Here we quantified 27 glycation sites in nine plasma proteins after tryptic digestion by mass spectrometry and evaluated their diagnostic value alone and in combination with current WHO criteria of HbA1c and FPG levels. Selection of glycation sites relied on a list of 52 candidates we previously identified and studied [17], by judging each for the biomarker potential and ease of peptide synthesis. A single-blind study using plasma samples from 48 newly diagnosed T2DM patients and 48 non-diabetic individuals clearly indicated different glycation degrees characteristic of each glycation site with glycated Lys141 of haptoglobin providing the best sensitivities (~94 and ~78%) and specificity (~98%) when combined with HbA1c and FPG levels, respectively.

Methods

Blood samples

Blood samples were obtained from 48 newly diagnosed male T2DM patients and 48 non-diabetic men matched for age (range 35–65 years) in the context of a study of parameters of insulin resistance (Additional file 1: Table S1). Anthropometric and laboratory chemistry parameters were measured or calculated as previously described [18, 19]. The study was approved by the Ethics Committee of Universität Leipzig (approval no: 159-12-21052012), and performed in accordance to the declaration of Helsinki. All subjects gave written informed consent before taking part in this study. In our study, we defined individuals with T2DM according to the criteria of the American Diabetes Association [1]:

  • A HbA1c level of 6.5% or higher, or

  • A fasting plasma glucose (FPG) level of 126 mg/dL (7 mmol/L) or higher (fasting was defined as no caloric intake for at least 8 h), or

  • A 2-h plasma glucose level of 200 mg/dL (11.1 mmol/L) or higher during a 75-g oral glucose tolerance test (OGTT), or

  • A random plasma glucose of 200 mg/dL (11.1 mmol/L) or higher in a patient with classic symptoms of hyperglycemia (i.e., polyuria, polydipsia, polyphagia, weight loss) or hyperglycemic crisis

The group of T2DM patients has been further categorized into those with HbA1c levels patients below (n = 23) and equal or higher than 6.5% (48 mmol/mol) (n = 25).

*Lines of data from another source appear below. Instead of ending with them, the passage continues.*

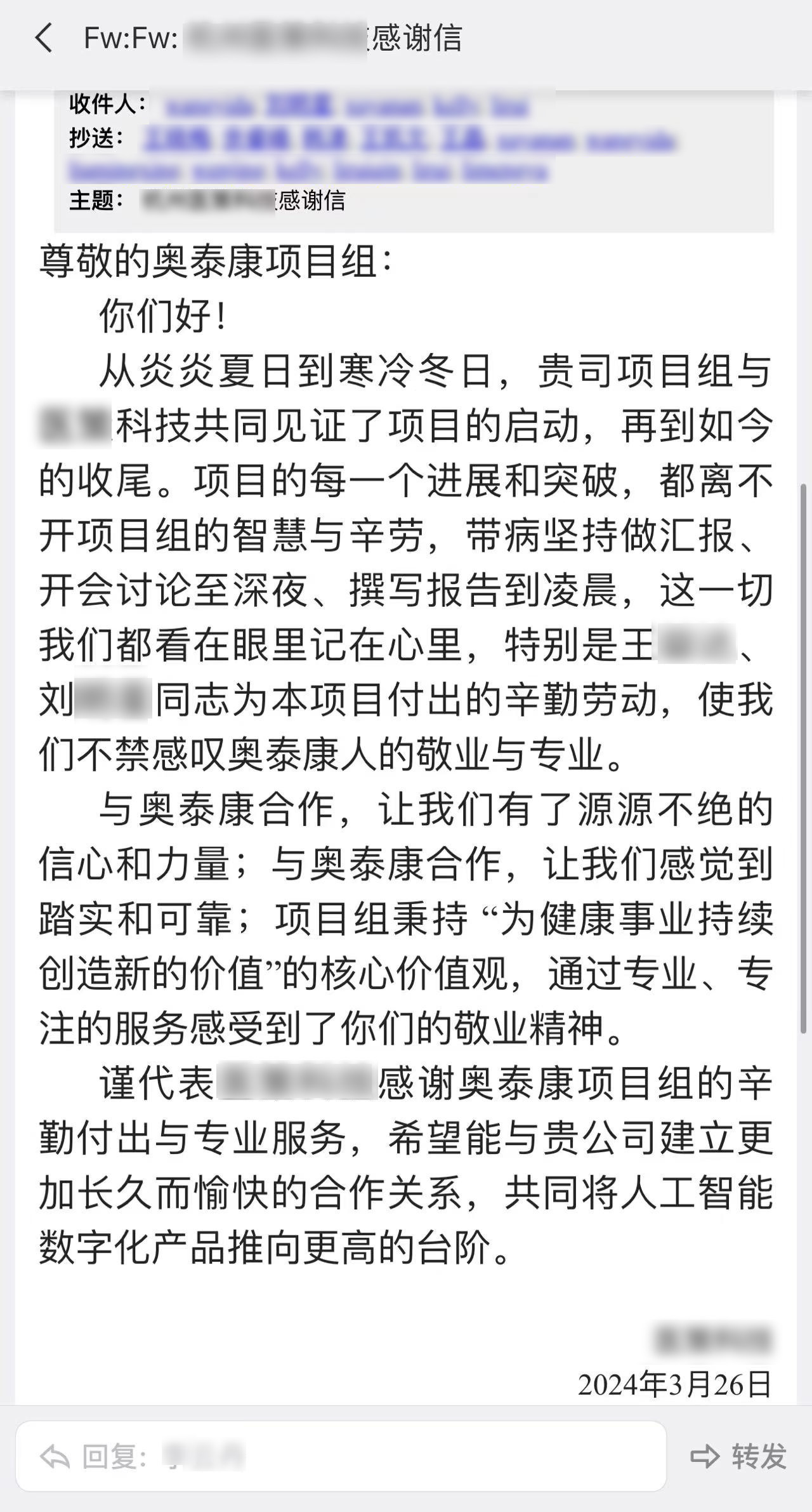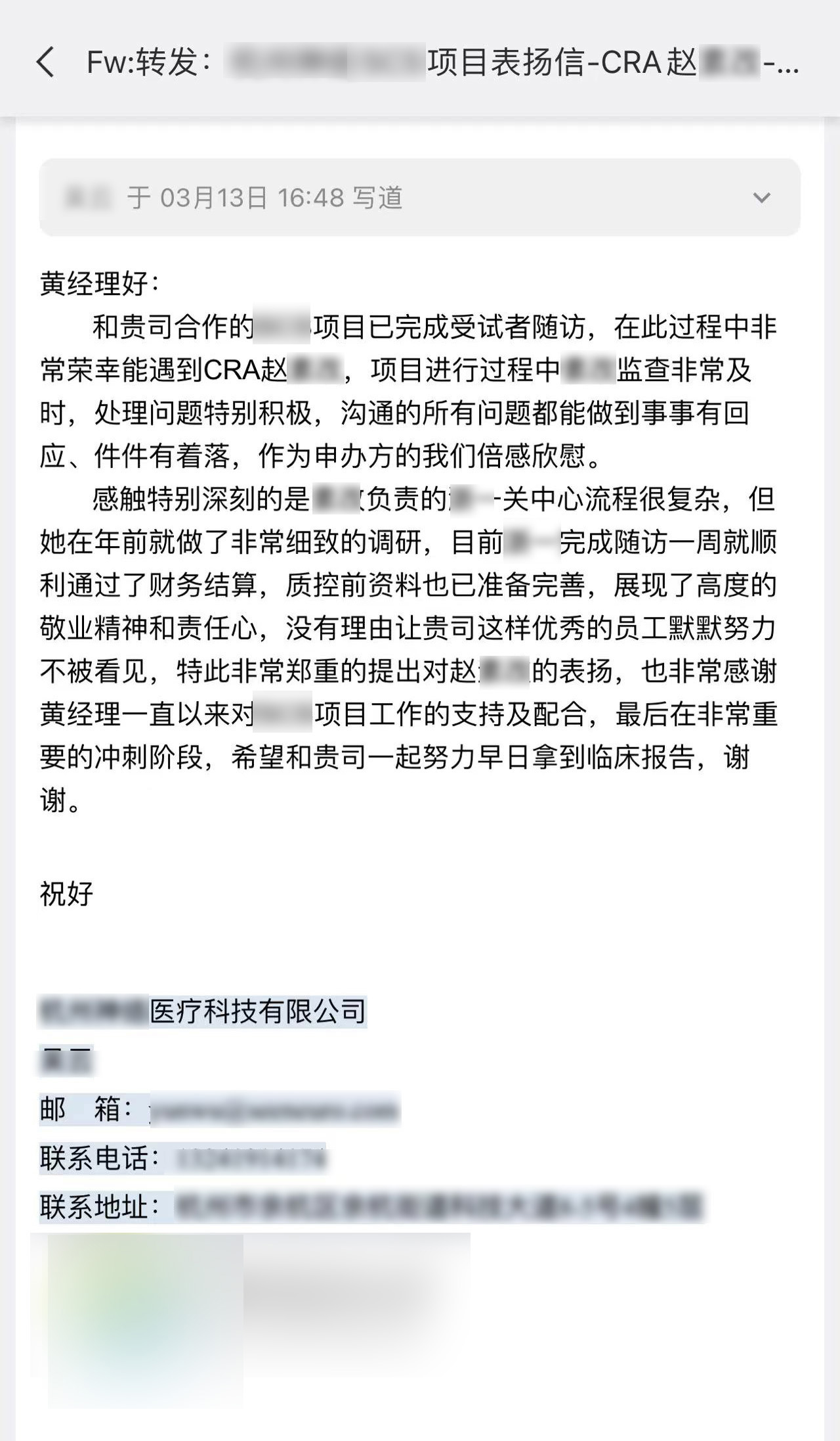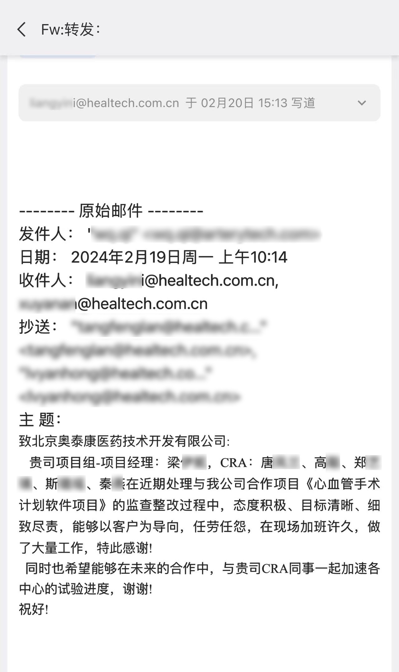 每一個(gè)項(xiàng)目的推進(jìn)離不開(kāi)臨床團(tuán)隊(duì)的共同努力,一年過(guò)半,奧泰康陸續(xù)收到了多封來(lái)自合作伙伴的感謝信和表?yè)P(yáng)信,信中對(duì)奧泰康人在臨床試驗(yàn)項(xiàng)目中的表現(xiàn)給予高度肯定。我們也對(duì)他們致以由衷的敬意,感謝他們?yōu)橥七M(jìn)產(chǎn)品上市付出的不懈努力,讓我們共同查收這些信件吧~
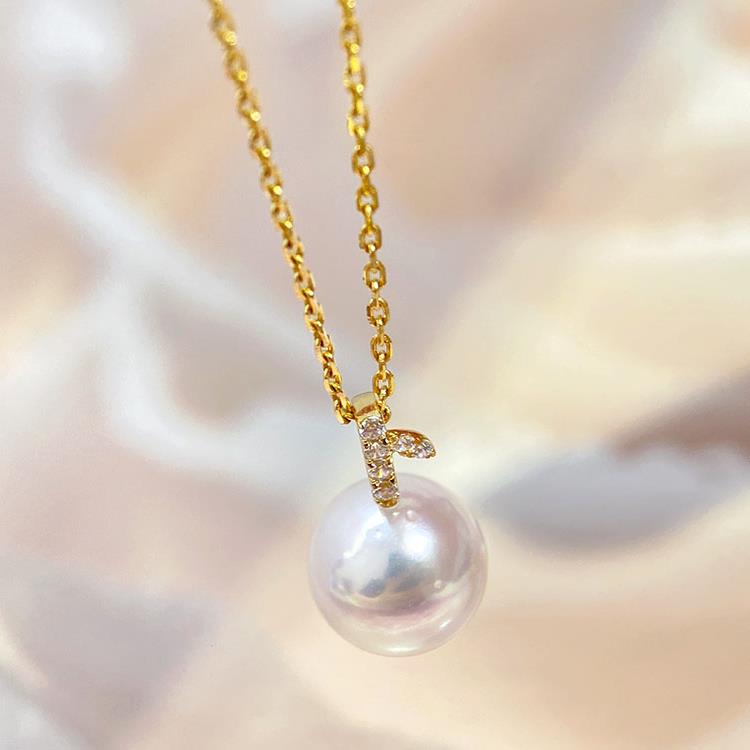 18k黄金色锆石8-10MM淡水珍珠吊坠配件经典满钻叶子正圆裸珠空托
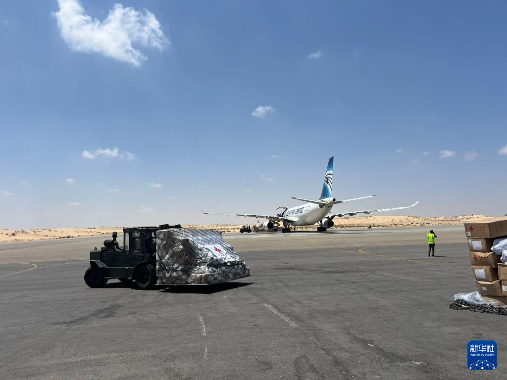 当日,中国新援助巴勒斯坦的一批物资运抵埃及阿里什机场,并将通过拉法口岸运往加沙地带。
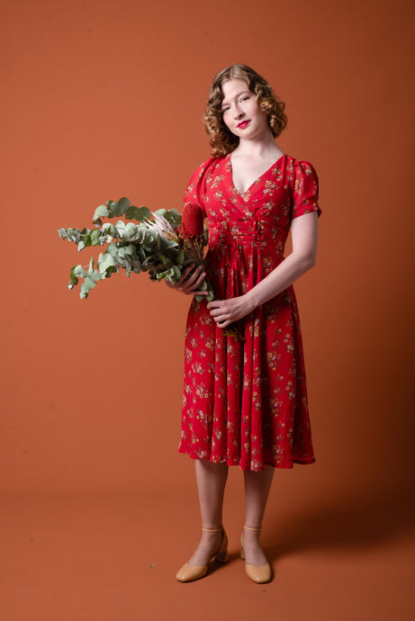 Fiorella Corset Red & Cream Cherry Blossom Dress
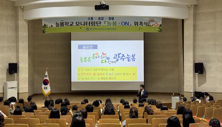 광주시교육청은 18일 광주시교육청시민협치진흥원 대강당에서 늘봄학교 모니터링단 ’늘봄*ON‘ 위촉식을 개최했다.
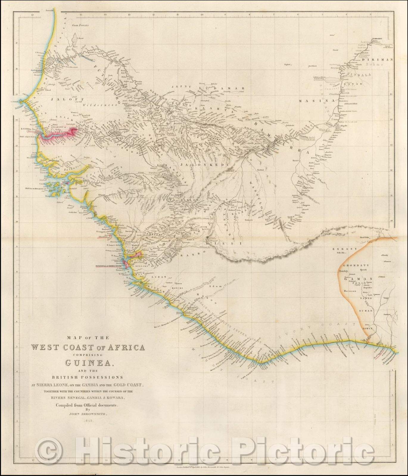 Historic Map - Map of the West Coast of Africa Comprising Guinea, an the British Possessions at Sierra Leone, on the Gambia and the Gold Coast, 1843 - Vintage Wall Art
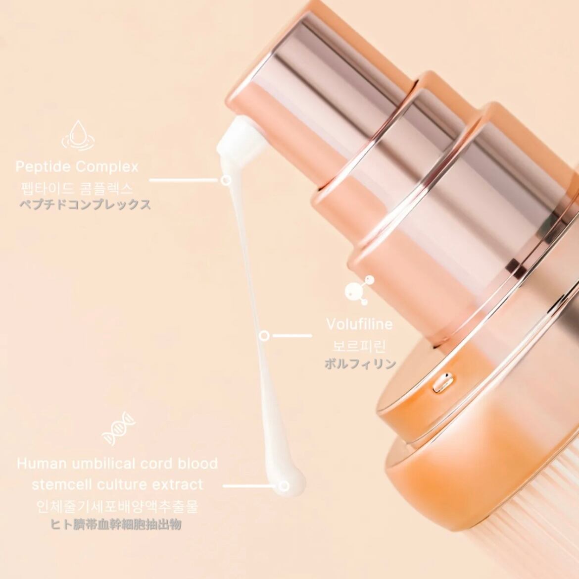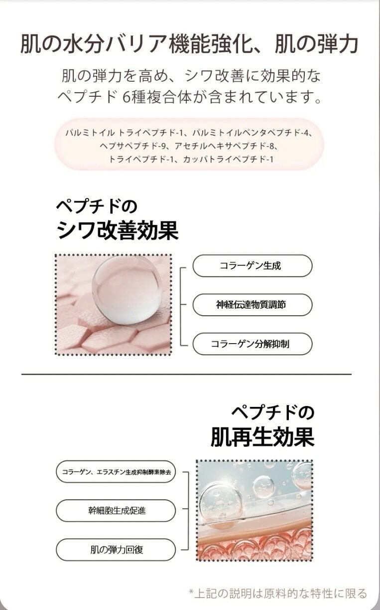 しわ改善と色素沈着改善に効果的な、”次世代植物性バクチオール”と”ペプチド6種複合体”が含まれている。
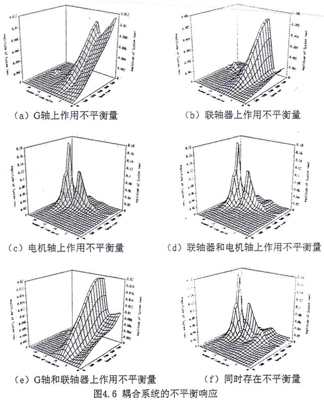 (3)分別在齒輪聯(lián)軸器和電機(jī)軸、G軸和齒輪聯(lián)軸器以及三處同時(shí)存在不平衡量,并設(shè)由此產(chǎn)生不平衡力的作用方向相同,計(jì)算了耦合系統(tǒng)的不平衡響應(yīng)。計(jì)算結(jié)果見(jiàn)圖4.6d~4.6f。
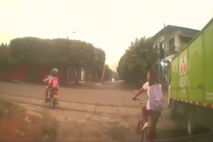 En el video se observa a la joven cuando es arroyada por un camión que prácticamente le pasa por encima de la humanidad, saliendo milagrosamente ilesa luego del accidente.
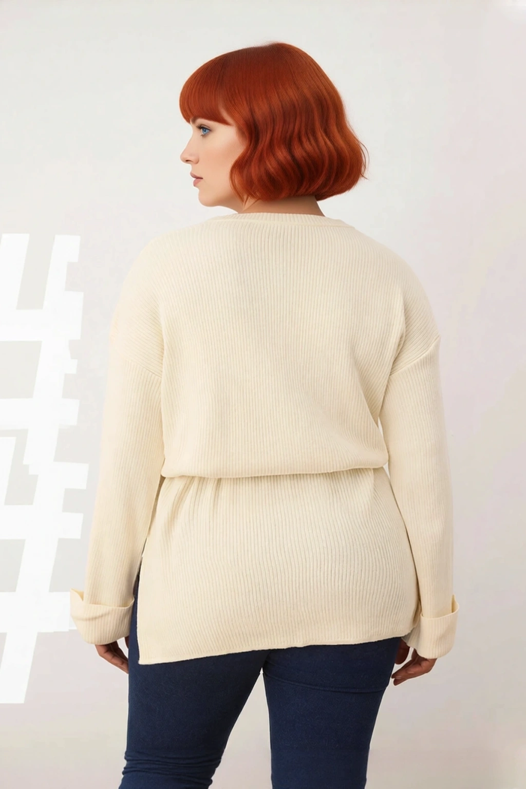 Ürün Özellikleri: Relaxed kalıp, %100 akrilik materyal, düz desen, bisiklet yaka, düşük kol, triko kumaş, ekru renk.
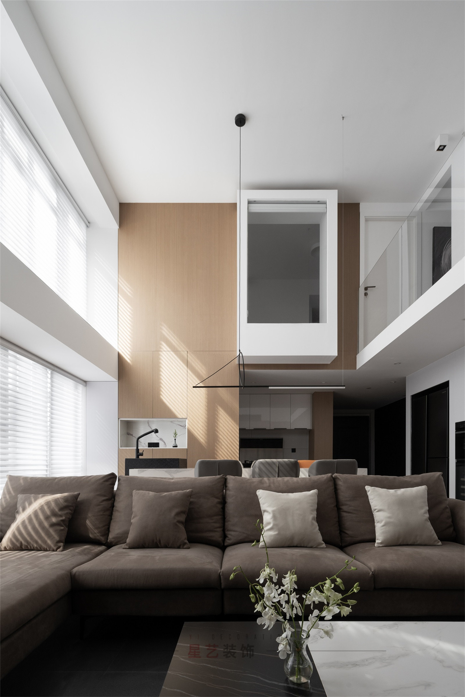 从二楼俯瞰视角就能明显的发现,客厅的整体的设计非常灵活,根据时间变化的光影效果能营造出各种美轮美奂的梦幻空间。

For those patients with HbA1c < 6.5% (48 mmol/mol), the diagnosis of T2DM has been established on the basis of repeated measurements of fasting plasma glucose (>7.0 mmol/L) or 2 h oral glucose tolerance test glucose concentrations >11.1 mmol/L [1]. Since patients were newly diagnosed, none of the individuals in the T2DM receive anti-hyperglycemic medication. All men had a body mass index (BMI) larger than 25.0 kg/m2 and were grouped in overweight (BMI 25–30 kg/m2; 15 without and 10 with T2DM) and obese individuals (BMI ≥ 30 kg/m2). EDTA blood samples were collected between 8 a.m. and 9 a.m. after a 12-h fasting period, centrifuged (500×g, 5 min) and analyzed within 1 h after blood drawing for routine laboratory parameters or stored at −80 °C after the cell debris was removed by filtration (Rotilabo® syringe filter) for the analyses of the glycation sites. Plasma insulin and proinsulin were measured with an enzyme immunometric assay for the IMMULITE automated analyzer (Diagnostic Products Corporation, Los Angeles, CA, USA). Serum high-sensitive CRP (C-reactive protein) was measured by immunonephelometry (Dade-Behring, Milan, Italy). HbA1c, plasma glucose, serum total- high-density lipoprotein (HDL)-, low-density lipoprotein (LDL)-cholesterol, triglycerides, and free fatty acids were measured as previously described [18].

Peptide quantification

Glycation sites previously identified in plasma samples of patients with diabetes [17] were quantified by electrospray ionization mass spectrometry (ESI–MS) on a QTRAP 4000 (AB Sciex, Darmstadt, Germany) coupled on-line to reversed-phase high-performance liquid chromatography (RP-HPLC) using timed multiple reaction monitoring (MRM) (Table 1 and Additional file 1: Table S2). Briefly, small molecules and peptides were removed from plasma by ultrafiltration (5 kDa cut-off). The concentrated sample was digested with trypsin (37 °C, 18 h, 5% w/w), spiked with a concentration-balanced mixture of 13C,15N-labelled glycated peptides as internal standard, enriched for glycated peptides by boronic acid affinity chromatography (BAC), and desalted by solid phase extraction (SPE) using optimized protocols [15, 2022]. The internal standard was added after tryptic digestion to provide the highest accuracy by compensating variations, such as nonspecific degradation, during sample preparation [23], especially as trypsin could cleave some standard peptides at Lys/Arg-Pro-motifs or glycated residues.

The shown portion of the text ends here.